4. Amandeep Singh Bhatia & Ors Vs. Vitol S.A. & Anr
Company Appeal (At)(Insolvency) No.502 Of 2018
Brief of the descision:
As per the section 66 provision, after the investigation if any report is filed against the Ex-
Director it will always open to the Adjudicating Authority to pass appropriate order under
Section 66 read with Section 67 of the I&B Code.

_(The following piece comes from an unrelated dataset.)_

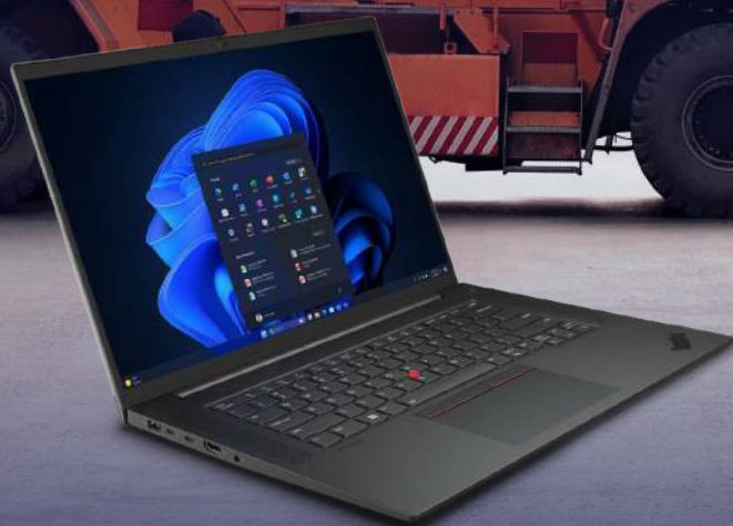
Lenovo ThinkPad P1 Gen 6

In view of provisions aforesaid, it cannot be stated that the Adjudicating Authority is not
empowered to direct the ex-Directors not to leave the country without prior permission of
the Adjudicating Authority.
The Adjudicating Authority has not stayed the movement of the appellants, but has only
observed that if they intend to leave the country should take the permission of
the Adjudicating Authority.

5. Jagmohan Bajaj Vs. Shivam Fragrances Private Limited


Company Appeal (AT) (Insolvency) No. 428 of 2018
Ratio of the decision:
Internal dispute of Directors of Corporate Debtor and pendency of application under Section
241 and 242 of Companies Act, 2013 before NCLT, New Delhi Bench for adjudication
does not construed a valid defense to triggering of Insolvency Resolution Process.
Triggering of Insolvency Resolution Process cannot be defeated by taking resort to pendency
of internal dispute between Directors of Corporate Debtor on allegations of oppression and
mismanagement.
The statutory right of a Financial Creditor satisfying the requirements of Section 7 of the I&B
Code to trigger Insolvency Resolution Process cannot be made subservient to adjudication of
an application under Section 241 and 242 of the Companies Act, 2013.